Differential Privacy - an introduction
Our previous post discussed the privacy risks yielded by the increasing amount of personal data collected, processed and consumed by society in our time. Preventing the leakage of protected information when analyzing sensitive datasets is therefore one of the major challenges for data science nowadays.
One may think that releasing only summary statistics about a dataset, for example the mean value of a certain feature, guarantees the privacy of its individual records: specific information of single records is not revealed. Unfortunately, this is far from being true. To convince you about this fact, let us introduce the following toy example. Imagine that at the beginning of every month your HR department sends out a newsletter with up-to-date information about the the company crew. Among others, the newsletter introduces the new employees starting in the upcoming month, congratulates the current employees celebrating their birthday during the upcoming month and reports the average age of the current employees. Since people age is considered a private information, only its average value is released. At first glance, based just on this summary statistic released monthly, inferring the age of any employee seems impossible.
However, let us consider this situation. Your boss is the only one celebrating his birthday this upcoming month and he will leave the company before the end the month. Plus, no new employees will join the company this month. By comparing the average age of the employees reported by the newsletter of this month with the one reported by the next newsletter, one can get to know the age of your boss. A privacy breach just happened!
While the above scenario is just a toy example, it depicts how even releasing apparently harmless statistics may unintentionally pose subtle threats to the privacy of your data. Perhaps leaking the actual age of a person is not such a big issue, but what about unintentionally revealing information about the health of someone? Well, to use an euphemism, it is undesirable at best.

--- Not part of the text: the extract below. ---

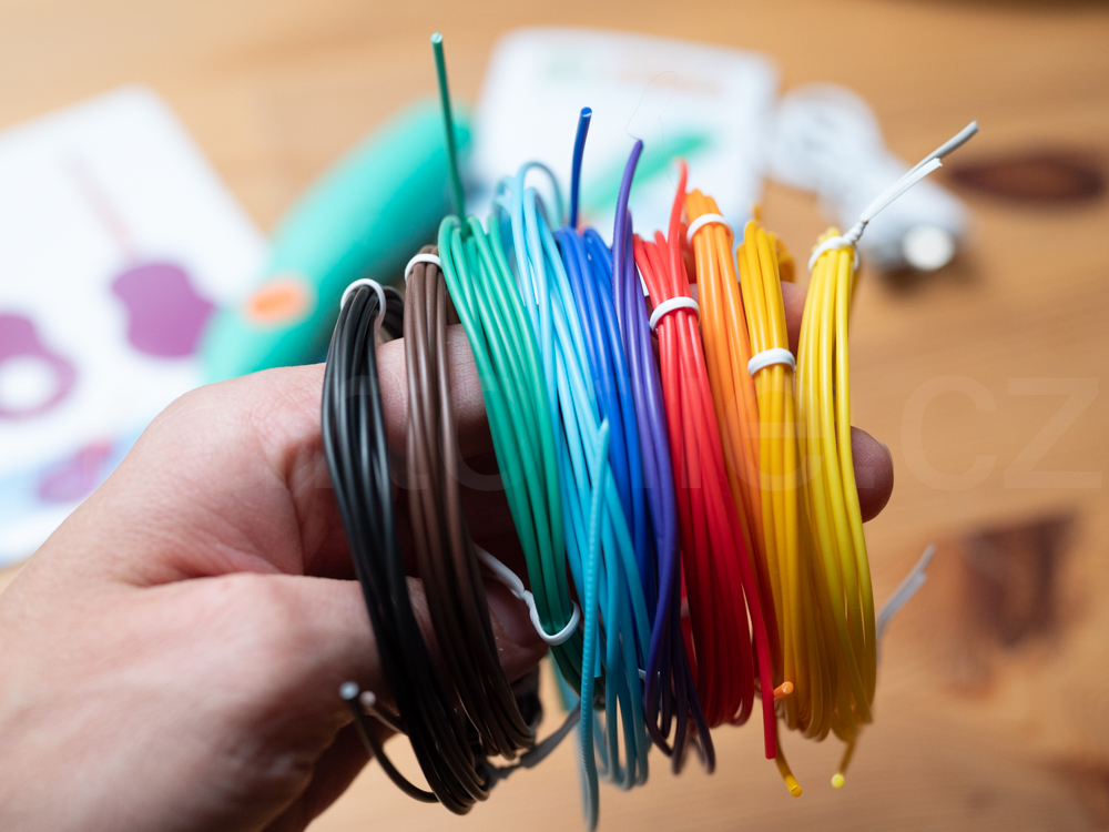 V naší základní sadě naleznete pero pro 3D tisk, které je dobíjecí pomocí USB kabelu (ten je součástí balení). Dál najdete 10 barevných náplní, každou o délce 2 metry. 10 kartiček se šablonami a průhlednou folii, na kterou se kreslí a snadno se z ní výtvor sloupne.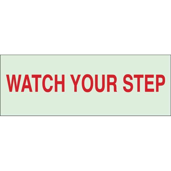 Safety Sign, Sign Subject Matter Accident Prevention, Height 2-1/2 In., Width 7 In., Sign Material Plastic, Sign Mounting Style With Mounting Holes, Header No Header, Legend Watch Your Step, Printed Language English, Sign Shape Rectangle

Luckily, in situations like these ones, differential privacy (DP) comes to the rescue for safeguarding the privacy of your data. Let us get back to our example for an intuitive explanation of how DP works. To obtain a differentially-private estimation of the empolyees’ average age, first the actual age of each employee is perturbed by adding a random number in a suitable interval centered around zero, e.g., [-100, 100]. We will discuss in the next blog entries how the interval bounds are chosen. So, for example, if the actual age of John is 34, his perturbed age may be 39, while the perturbed age of the 56-years-old Mike may be 47. The mean of the perturbed rather than the actual ages of the employees is then reported in the newsletter. Provided that enough employees are involved in the computation, the reported average age is a reliable good approximation of the actual average age. And, crucial point, since the perturbed rather than actual employees’ ages are used to compute the mean, a privacy breach like the one described above no longer happens: your boss’ age, as well as the one of any other employee, is not revealed!
If you read until this point, I guess you have a big question in mind: how the mean of the perturbed ages can be a reliable estimation of the actual average age (if enough perturbed ages are involved in the estimation)? Since the random numbers added to each age are pulled from a distribution with zero mean, if you average over enough of them, they cancel each other out: the mean of the random numbers gets close to zero, therefore when averaging the perturbed ages you obtain the mean of the actual ages plus a value relatively close to zero. You thus obtain a reliable average age, despite the fact that no employee revealed his actual age! It should also be clear now why increasing the number of employees involved in the differentially-private computation improves the quality of the result.
This simple example shows how releasing differentially-private statistics about a large group of people preserves the privacy of any single individual in the group. While this is not the only useful application of DP, DP is not the silver bullet to the data-privacy issue. In particular, private information may be leaked when repeatedly releasing differentially-private estimations of the same statistic over the same data. This vulnerability and how to properly handle it will be discussed in our next blog posts, where we will resort to the mathematical formulation of DP. By the more rigorous DP explanation, we will also motivate the choice of interval [-100, 100] for the random numbers generation in above example.